◆ Work required ◆
Copy down every line of the data that follows exactly. Omit the pictures.

◆ Entries supplied ◆
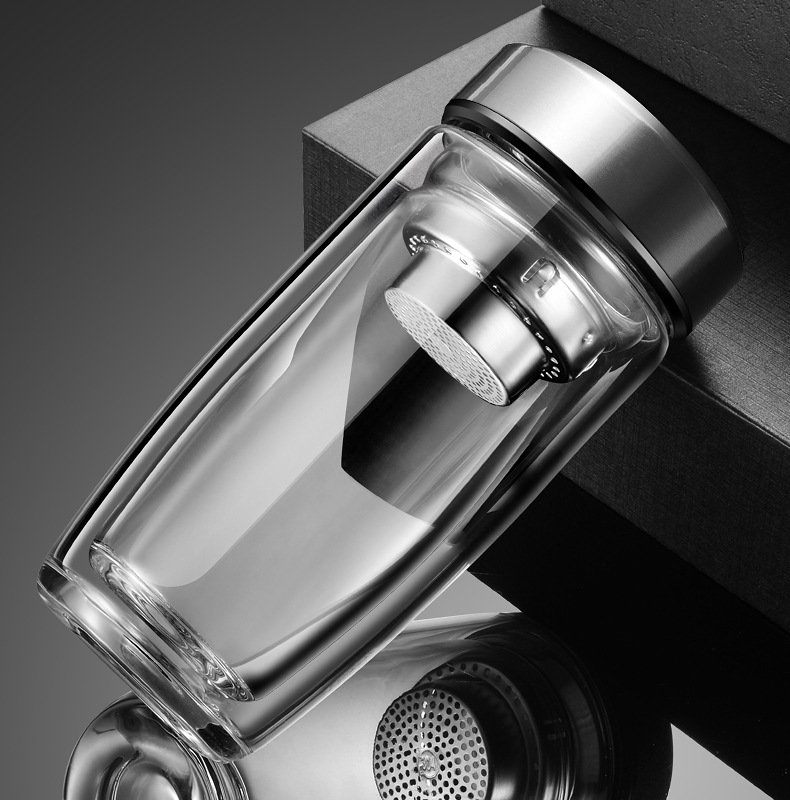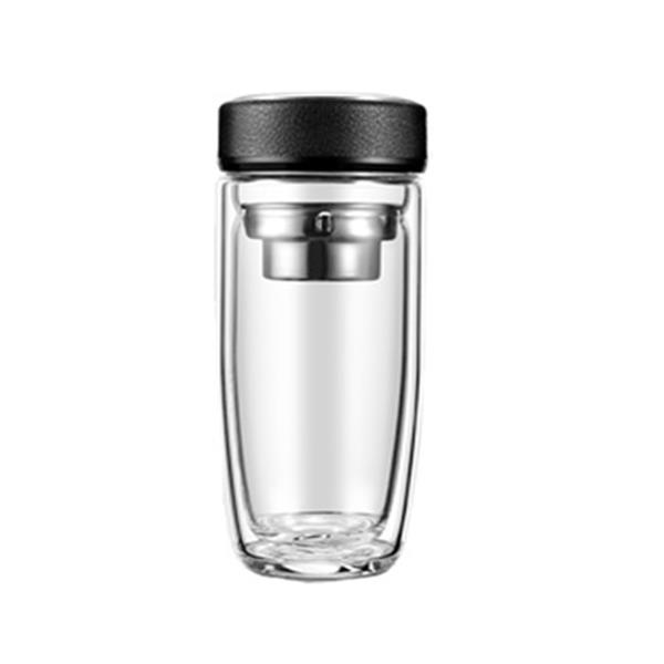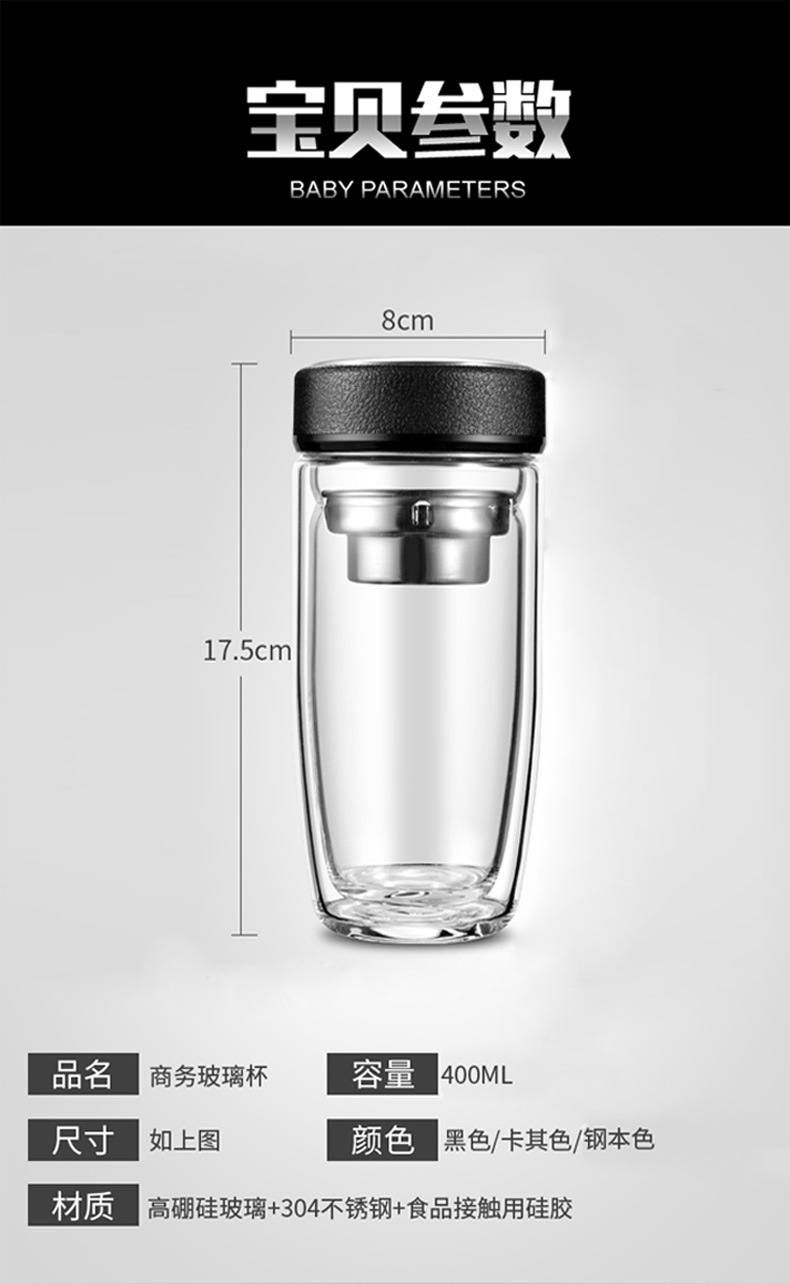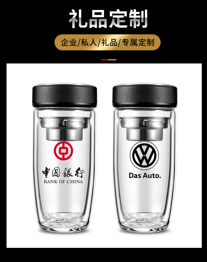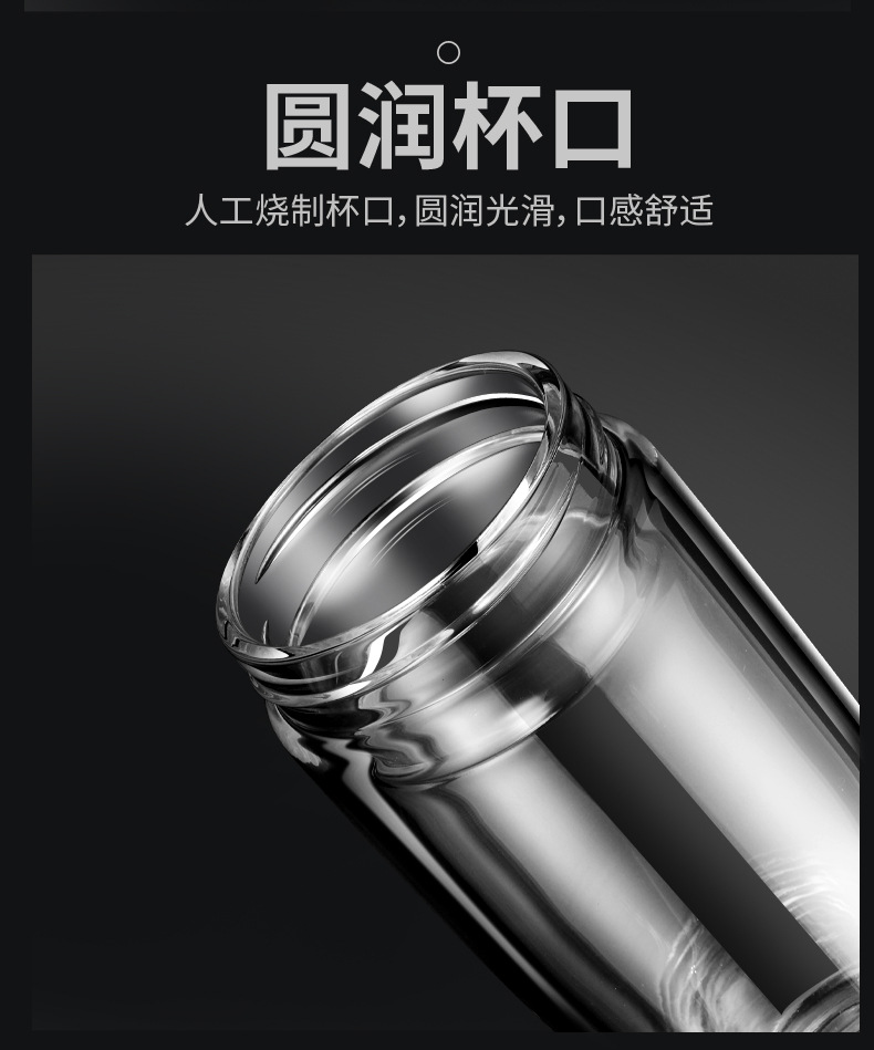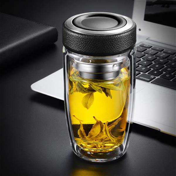 双层耐热高硼硅玻璃杯男女皮纹盖式泡茶水杯礼品
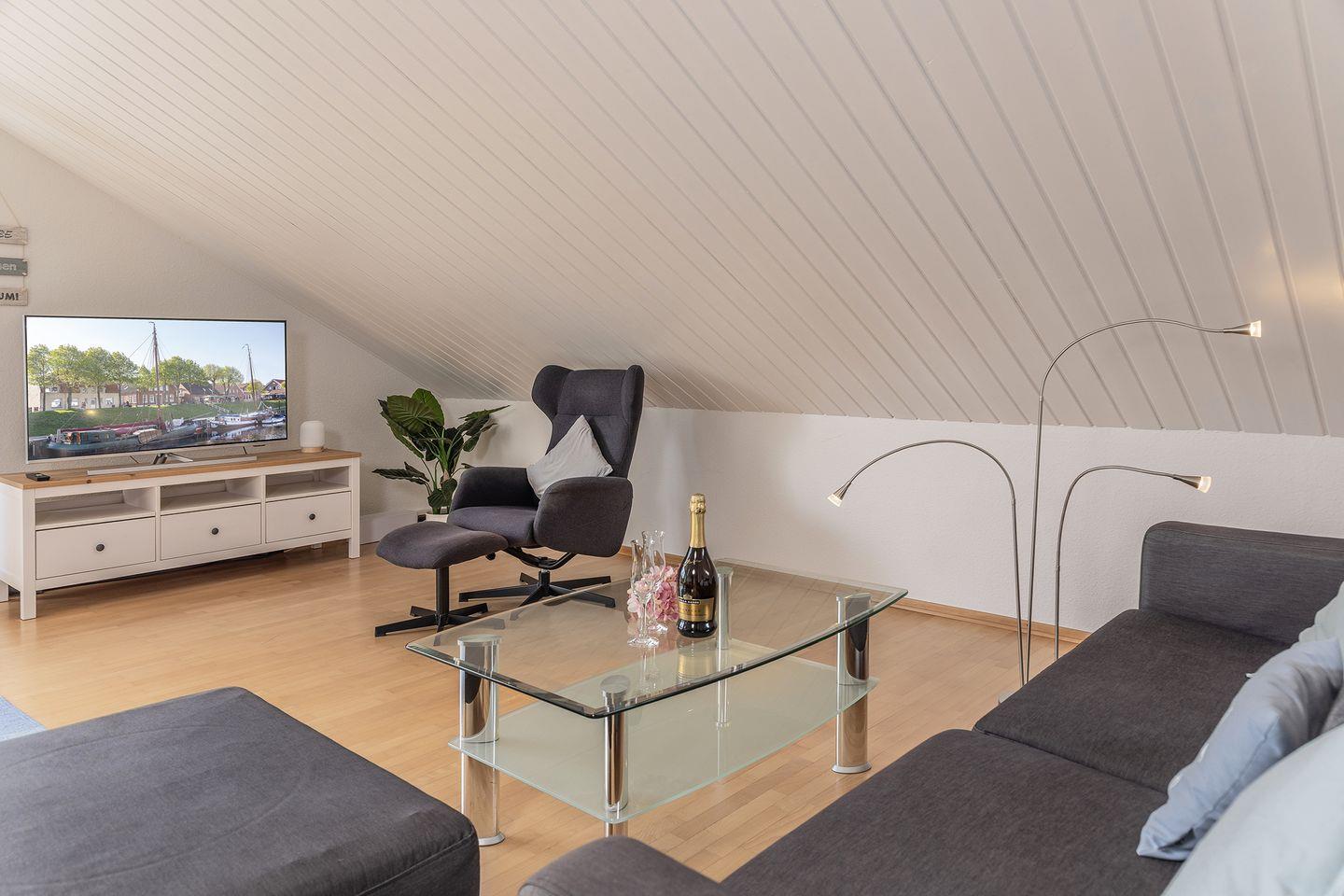 Die Obergeschosswohnung mit ca. 60 qm bietet gemütliches Ambiente und liegt direkt am Yachthafen, in dem zahlreiche Segelschiffe und Motoryachten während der Sommersaison beheimatet sind.
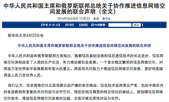 6月25日,新华社发布了中华人民共和国主席和俄罗斯联邦总统关于协作推进信息网络空间发展的联合声明,声明称“信息网络空间正面临着日益严峻的安全挑战,信息技术滥用情况严重,包括中俄在内的各国都拥有重要的共同利益与合作空间,理应在相互尊重和相互信任的基础上,就保障信息网络空间安全、推进信息网络空间发展的议题,全面开展实质性对话与合作”,这份声明的发布,背后透露了哪些信号?又对我国网络安全发展有哪些影响?
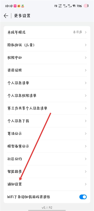3、在更多设置页面找到通知设置选项,点击该选项进入通知相关的设置界面。
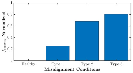 Figure 12 shows the results of normalized fault severity evaluation. The fault severity is evaluated by using Equation (45), and technically, it is a summation of the energy of the identified fault frequencies. A mean value is calculated from 30 data in each condition. Since there is no fault signature identified in the healthy condition, no energy can be summed. Therefore, it indicates zero levels of fault severity. The normalized fault severity is highly dependent on the user-defined level. It depends on how the user will allow the IM to run in such a faulty condition. It is possible to allow the IM to run in more severe misalignment conditions than type 3. Thus, the maximum normalized fault severity level will be higher. However, the idea in Figure 12 is to present the severity evaluation based on the identified fault frequency energy. It provides a quantified severity evaluation.
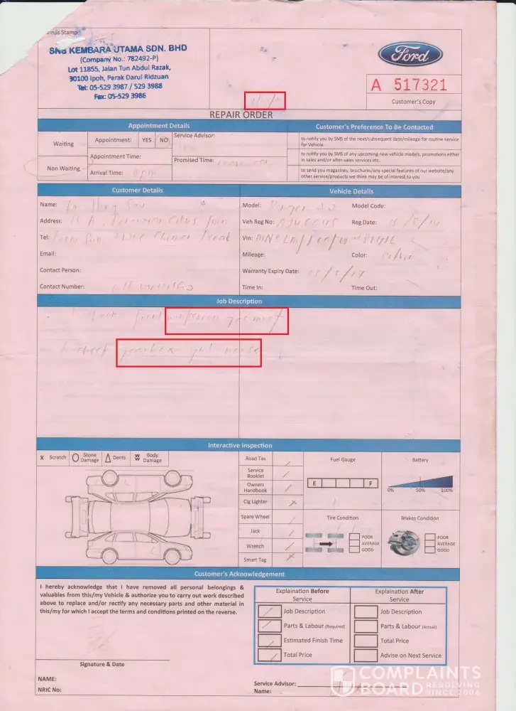 Friends, I am sharing my story here is not meant to take revenge, but to tell the public the service quality of Ford in Malaysia, don't be the next victim! Lastly, imagine you were in my shoes, what is your feeling after years of servicing yet you are paying monthly car instalment! Even though my car price doesn't fall under luxury category, but is it how to treat a customer, be a responsible dealer!
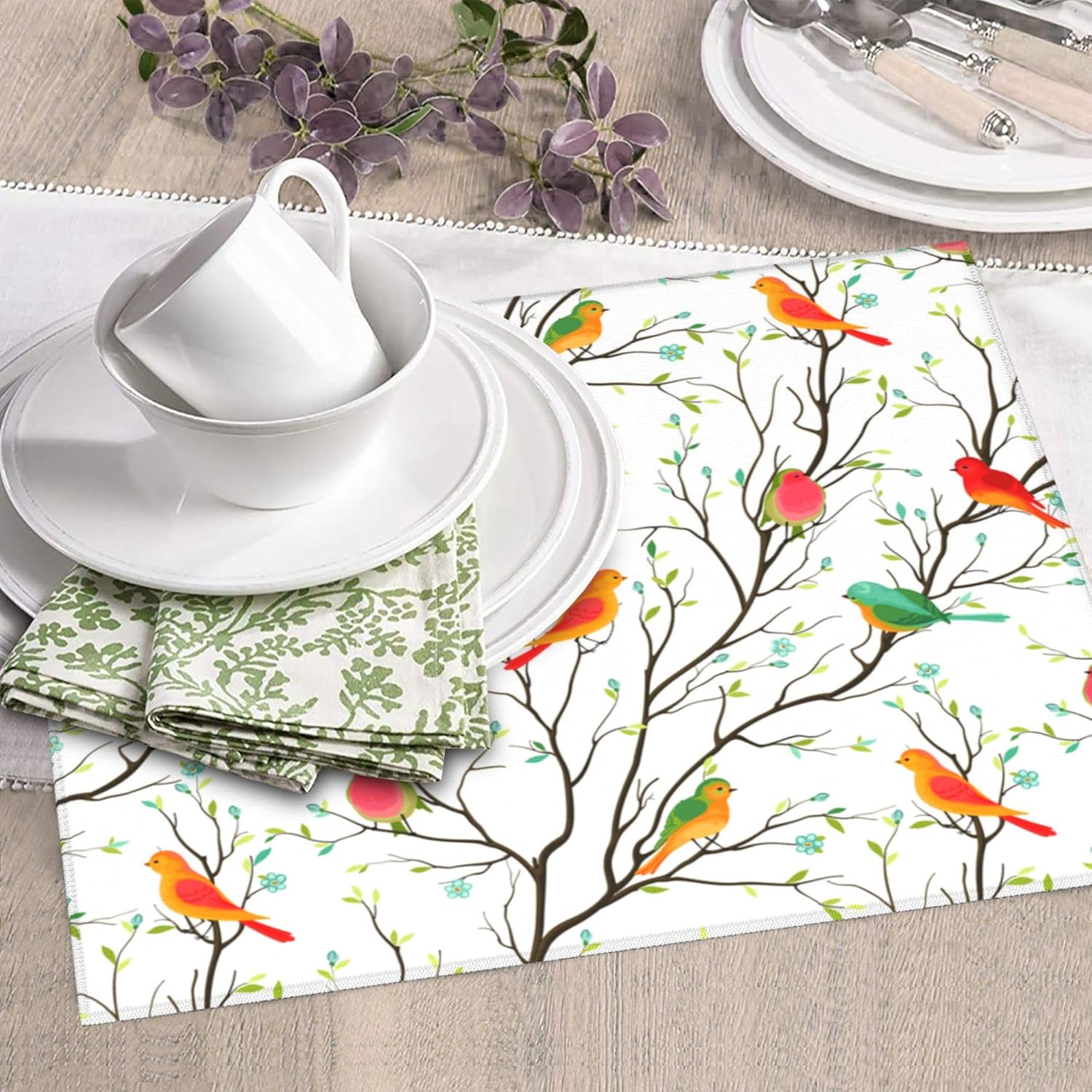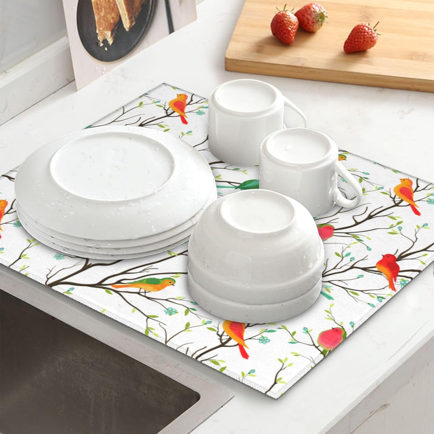 Birds on Tree Dish Drying Mat for Kitchen Counter Washable Absorbent Reversible Microfiber Cute Birds Drying Pad Kitchen Accessories 16x18 Inch

◆ Task output ◆
 双层耐热高硼硅玻璃杯男女皮纹盖式泡茶水杯礼品
 Die Obergeschosswohnung mit ca. 60 qm bietet gemütliches Ambiente und liegt direkt am Yachthafen, in dem zahlreiche Segelschiffe und Motoryachten während der Sommersaison beheimatet sind.
 6月25日,新华社发布了中华人民共和国主席和俄罗斯联邦总统关于协作推进信息网络空间发展的联合声明,声明称“信息网络空间正面临着日益严峻的安全挑战,信息技术滥用情况严重,包括中俄在内的各国都拥有重要的共同利益与合作空间,理应在相互尊重和相互信任的基础上,就保障信息网络空间安全、推进信息网络空间发展的议题,全面开展实质性对话与合作”,这份声明的发布,背后透露了哪些信号?又对我国网络安全发展有哪些影响?
3、在更多设置页面找到通知设置选项,点击该选项进入通知相关的设置界面。
 Figure 12 shows the results of normalized fault severity evaluation. The fault severity is evaluated by using Equation (45), and technically, it is a summation of the energy of the identified fault frequencies. A mean value is calculated from 30 data in each condition. Since there is no fault signature identified in the healthy condition, no energy can be summed. Therefore, it indicates zero levels of fault severity. The normalized fault severity is highly dependent on the user-defined level. It depends on how the user will allow the IM to run in such a faulty condition. It is possible to allow the IM to run in more severe misalignment conditions than type 3. Thus, the maximum normalized fault severity level will be higher. However, the idea in Figure 12 is to present the severity evaluation based on the identified fault frequency energy. It provides a quantified severity evaluation.
 Friends, I am sharing my story here is not meant to take revenge, but to tell the public the service quality of Ford in Malaysia, don't be the next victim! Lastly, imagine you were in my shoes, what is your feeling after years of servicing yet you are paying monthly car instalment! Even though my car price doesn't fall under luxury category, but is it how to treat a customer, be a responsible dealer!
 Birds on Tree Dish Drying Mat for Kitchen Counter Washable Absorbent Reversible Microfiber Cute Birds Drying Pad Kitchen Accessories 16x18 Inch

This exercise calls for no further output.